Bramlage Peter, Pittrow David, Lehnert Hendrik, Höfler Michael, Kirch Wilhelm, Ritz Eberhard, Wittchen Hans-Ulrich
Institute for Clinical Pharmacology, Medical Faculty, Technical University of Dresden, Dresden, Germany.
Eur J Cardiovasc Prev Rehabil. 2007 Feb;14(1):107-13. doi: 10.1097/01.hjr.0000224489.03221.de.
We aimed to assess the point prevalence of microalbuminuria (MAU) in a sample of unselected consecutive primary-care attendees, with particular focus on patients with diabetes mellitus (with and without additional concomitant diseases) and those with hypertension.
Cross-sectional observational study in a nationwide representative sample of 1912 primary-care practices and a patient population consisting of 39 125 primary-care attendees. Diagnoses for diabetes, hypertension and co-morbidities were provided by the treating physician and complemented by blood pressure (BP) measurements and selected lab tests. Screening for microalbuminuria (>20 and <200 microg/ml) was done with a spot urine dipstick test.

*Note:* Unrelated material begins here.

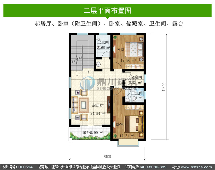 | 二 層: | 起居廳、臥室(附衛(wèi)生間)、臥室、儲藏室、衛(wèi)生間、露臺 | |||

The clinical diagnosis of nephropathy was assigned to 7.6% of patients. The point prevalence of MAU was 19.0% in the total sample; the proportion was 33.6% in diabetics whereas the diagnosis was assigned to only 7.1% in the total sample. Amongst diabetic patients with MAU, 92.6% had BP above the target value of <130/80 mmHg. Frequency rates rose with increasing BP (e.g. 20.6% in diabetic patients with BP<120/70 mmHg, and 36.3% in diabetic patients with BP>140/90 mmHg). Of note, patients with MAU had a higher burden of co-morbidity compared to those without MAU.
We found a high prevalence of MAU in primary care, particularly in diabetic patients. The frequency of MAU was closely related to the BP level and the degree of co-morbidity. The present study underlines the magnitude of the problem of MAU in primary care, and should serve as a starting point to initiate measures to address this important public health issue.
我们旨在评估未经挑选的连续初级保健就诊者样本中微量白蛋白尿(MAU)的时点患病率,尤其关注糖尿病患者(伴有或不伴有其他合并症)以及高血压患者。
在全国范围内具有代表性的1912家初级保健机构样本以及由39125名初级保健就诊者组成的患者群体中进行横断面观察性研究。糖尿病、高血压及合并症的诊断由治疗医生提供,并通过血压(BP)测量和选定的实验室检查加以补充。采用即时尿试纸条检测法筛查微量白蛋白尿(>20且<200微克/毫升)。
7.6%的患者被临床诊断为肾病。总样本中MAU的时点患病率为19.0%;糖尿病患者中的比例为33.6%,而在总样本中该诊断仅占7.1%。在患有MAU的糖尿病患者中,92.6%的患者血压高于<130/80 mmHg的目标值。随着血压升高,发生率上升(例如,血压<120/70 mmHg的糖尿病患者中为20.6%,血压>140/90 mmHg的糖尿病患者中为36.3%)。值得注意的是,与无MAU的患者相比,有MAU的患者合并症负担更高。
我们发现初级保健中MAU的患病率很高,尤其是在糖尿病患者中。MAU的发生率与血压水平和合并症程度密切相关。本研究强调了初级保健中MAU问题的严重性,应作为启动解决这一重要公共卫生问题措施的起点。